■ **AIM OF THE TASK**:
Retype all data exactly as given. Pictures should not be retyped.

■ **DATA PROVIDED**:
-----
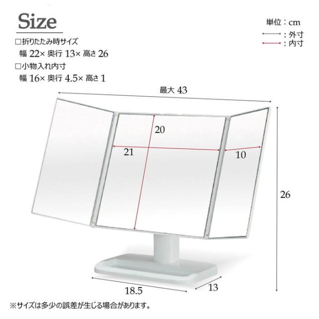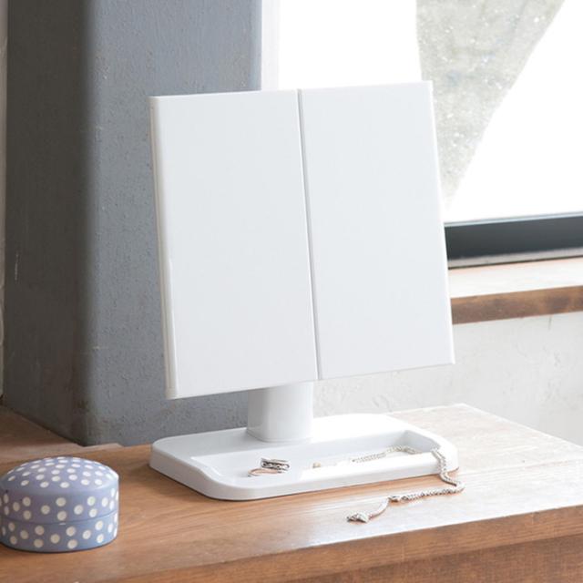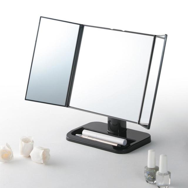 ワイドな三面鏡メイクアップミラー様々な角度を映せるのでメイクやヘアカラーに便利三面鏡だからお顔全体や横顔もしっかり映ります。収納時は扉を閉めてすっきりコンパクト、気になるホコリも防ぎます。マスカラなど転がりやすいアイテムをサッと置ける小物入れ付きです。鏡の角度は無段階に調整でき、映したいポイントで止まります。
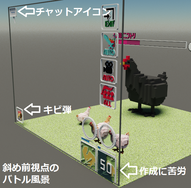 もちょっとプラッシュアップして、バトルエリアの端の青白い外枠とか
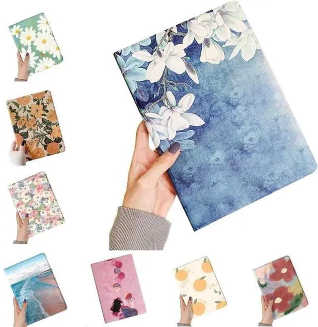 Floral iPad Case Flower Pattern Cute Slim Leather Folio Smart Cover with Pencil Holder
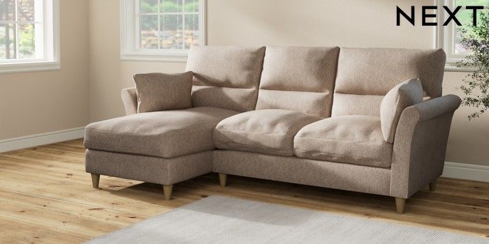7.2.10 Hartley Highback Relaxed Sit Medium Sofa Chaise - Left Hand Tweedy Chenille Mid Natural Low Conical - Light | Made Click here to use our website with more accessibility support, for example screen readers
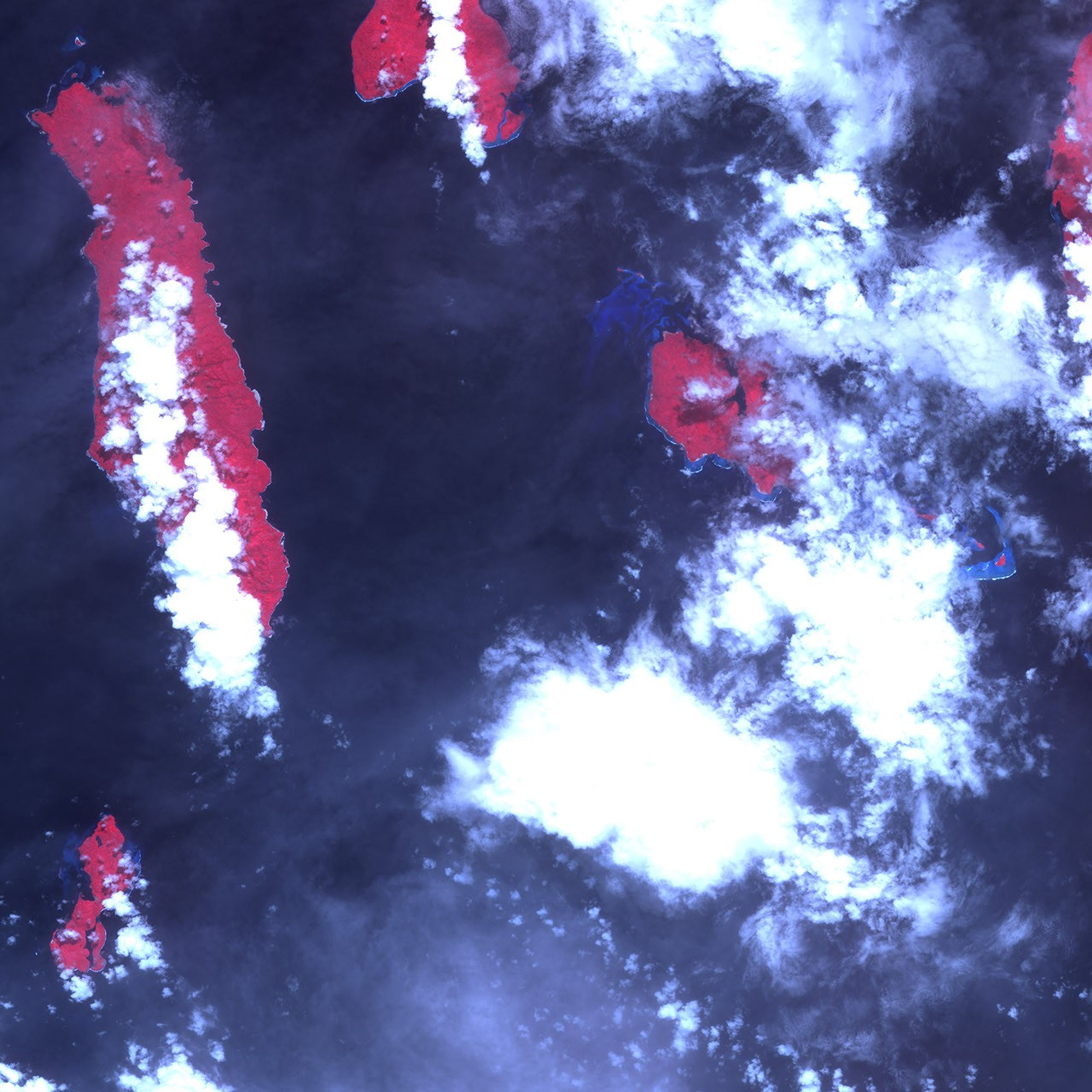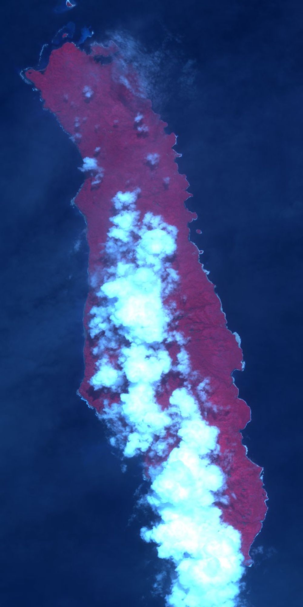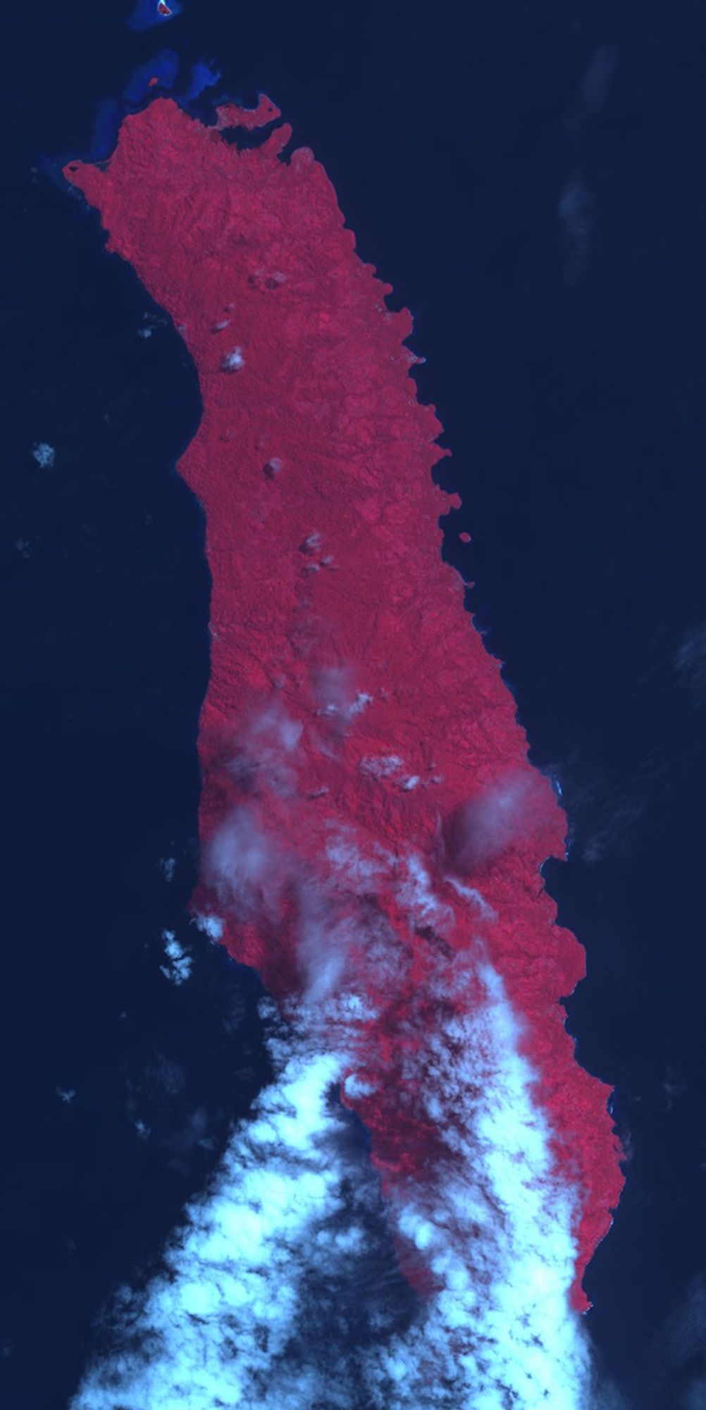 The newly exposed reef forms a gray rim along the eastern shore of the island in the left image, acquired by the Advanced Spaceborne Thermal Emission and Reflection Radiometer (ASTER) on April 12, 2007. In the right image, taken on March 31, 2006, the shallowly submerged reefs color the water a lighter shade of blue. The uplift may be more dramatic than the images show. When ASTER took the 2007 image, the tide was 29.4 centimeters higher than it was when the 2006 image was taken, and yet the uplift is still visible. The lush vegetation that covers the tropical island is bright red in this image, which is made from both visible and infrared light.
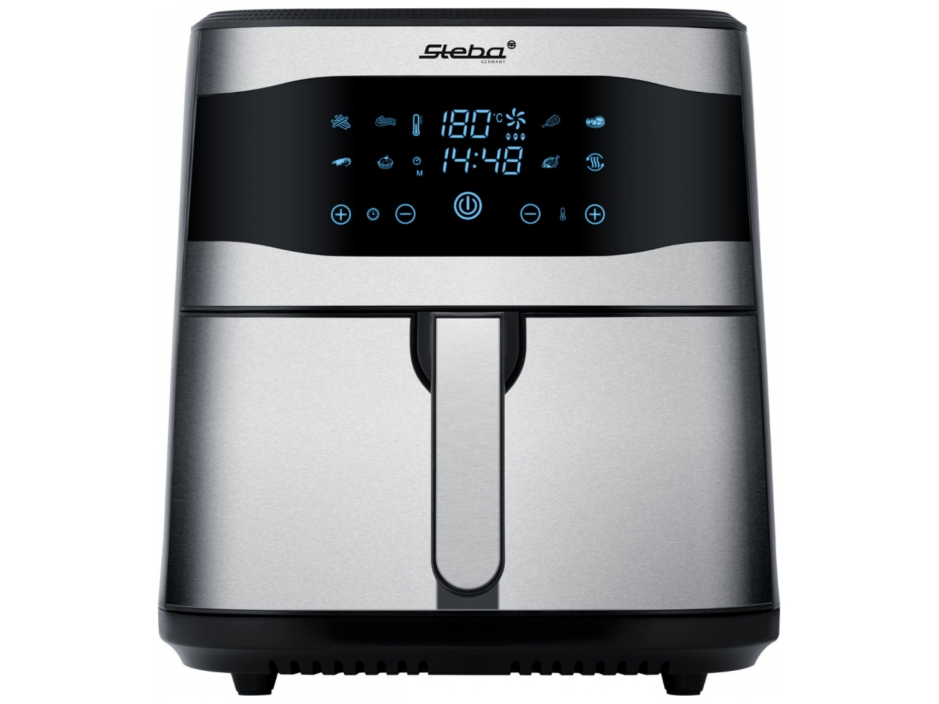 A Steba HF 8000 Family fritőz használatát rendkívül egyszerűvé teszi a hőmérséklet-szabályozó és az időzítő. A felhasználók választhatnak a 8 automatikus program közül is, melyek között megtalálható a sült krumpli, csirke és hal program is. A tapadásmentes 8 literes sütőkosár elegendő helyet biztosít nagyobb adagok elkészítéséhez is.
-----
■ **ANSWER TO THE PROBLEM**:
 ワイドな三面鏡メイクアップミラー様々な角度を映せるのでメイクやヘアカラーに便利三面鏡だからお顔全体や横顔もしっかり映ります。収納時は扉を閉めてすっきりコンパクト、気になるホコリも防ぎます。マスカラなど転がりやすいアイテムをサッと置ける小物入れ付きです。鏡の角度は無段階に調整でき、映したいポイントで止まります。
 もちょっとプラッシュアップして、バトルエリアの端の青白い外枠とか
 Floral iPad Case Flower Pattern Cute Slim Leather Folio Smart Cover with Pencil Holder
7.2.10 Hartley Highback Relaxed Sit Medium Sofa Chaise - Left Hand Tweedy Chenille Mid Natural Low Conical - Light | Made Click here to use our website with more accessibility support, for example screen readers
 The newly exposed reef forms a gray rim along the eastern shore of the island in the left image, acquired by the Advanced Spaceborne Thermal Emission and Reflection Radiometer (ASTER) on April 12, 2007. In the right image, taken on March 31, 2006, the shallowly submerged reefs color the water a lighter shade of blue. The uplift may be more dramatic than the images show. When ASTER took the 2007 image, the tide was 29.4 centimeters higher than it was when the 2006 image was taken, and yet the uplift is still visible. The lush vegetation that covers the tropical island is bright red in this image, which is made from both visible and infrared light.
 A Steba HF 8000 Family fritőz használatát rendkívül egyszerűvé teszi a hőmérséklet-szabályozó és az időzítő. A felhasználók választhatnak a 8 automatikus program közül is, melyek között megtalálható a sült krumpli, csirke és hal program is. A tapadásmentes 8 literes sütőkosár elegendő helyet biztosít nagyobb adagok elkészítéséhez is.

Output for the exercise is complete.